Segundo Giorgio Romano Schutte, coordenador do curso de Relações Internacionais da Universidade Federal do ABC, é importante que o Brasil seja visto cada vez mais como o dono da posição hegemônica no continente. “Em um mundo multipolar, o lugar que o Brasil deve se inserir é na América do Sul. Uma região fragmentada submetendo-se aos interesses de empresas e países estrangeiros é ruim para o País”, afirma.

Um Mercosul com mais membros plenos também pode trazer maior estabilidade à região. Constantemente Paraguai e Uruguai, as menores economias do bloco, se veem em posição desconfortável em relação a Brasil e Argentina. Sentem-se com menor expressão política no bloco, além de pressionados geograficamente. A Venezuela poderia, então, diluir essa bipolaridade entre “fortes” e “fracos” e ampliar o equilíbrio.

A chicana golpista não foi aceita nem pelos governos conservadores. Só por jornalistas e políticos pró-EUA. Foto: Enrique Marcarian/Rreuters/Latinstock
“Esquerdização” do Mercosul?

A entrada da Venezuela no Mercosul, entretanto, só será positiva e fortalecedora se o país aceitar as regras vigentes do bloco e incorporar a legislação regional a suas leis locais. O papel do Brasil será fundamental para essa adaptação. “O Brasil presidirá o bloco nos próximos seis meses e vai liderar esse processo de integração, que também coincide com a eleição presidencial venezuelana”, diz Schutte. “Essa presidência coloca o Brasil na obrigação de fazer com que o governo da Venezuela aposte na realização do projeto sul-americano para evitar que haja polarização naquele país sobre a entrada no bloco”, diz.
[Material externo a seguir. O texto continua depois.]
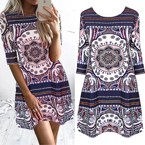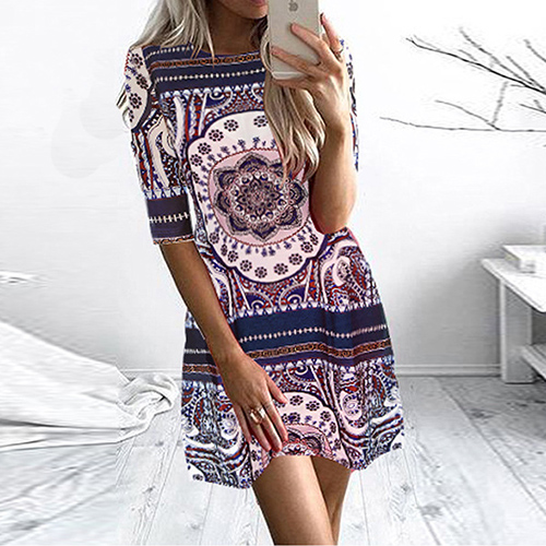 Portray a laid-back and cozy weekend style with this dress. Features chic and eye-catching printed pattern,with

Ao mesmo tempo em que trabalha para evitar polarização dentro da Venezuela, o Brasil deve evitar uma polarização direita-esquerda regional. Deve, sim, fazer com que a estrutura do bloco continue pragmática e que preveja negociações em todos os campos. Tullo Vigevani, especialista em Mercosul da Universidade Estadual Paulista, lembra que desde a criação do Mercosul, os quatro países fundadores tiveram mudanças importantes nas posições de ideologia de seus governos sem interrupção dos projetos regionais. “É importante destacar o esforço do governo brasileiro para fazer com que a Venezuela aceite e ratifique os acordos do bloco na sua integralidade ainda que com medidas de transição de longo prazo”, diz. “Isso garante que mesmo que haja mudanças políticas, o país continuará interessado no bloco”, afirma.

A Venezuela no bloco

O comércio brasileiro com a Venezuela em 2011 somou cerca de 5,85 bilhões de dólares, com saldo positivo acima de 3,3 bilhões de dólares. Segundo a Câmara de Comércio e Indústria Brasil-Venezuela, os produtos manufaturados representaram 55,1% das exportações brasileiras ao país caribenho. Com o Mercosul, a troca comercial também é significativa. No último ano, foi de mais de 4,6 bilhões de dólares com balança positiva de cerca de 1,8 bilhão para o bloco. Mas apenas Brasil e Argentina possuem saldo positivo nesta relação. Justamente os países com indústria mais forte do bloco. Uruguai e Paraguai estão no negativo, principalmente porque dependem do petróleo venezuelano.

De acordo com dados do Banco Mundial de 2010, o bloco soma agora quase 3 trilhões de dólares em PIB, em um mercado consumidor de 274 milhões de pessoas.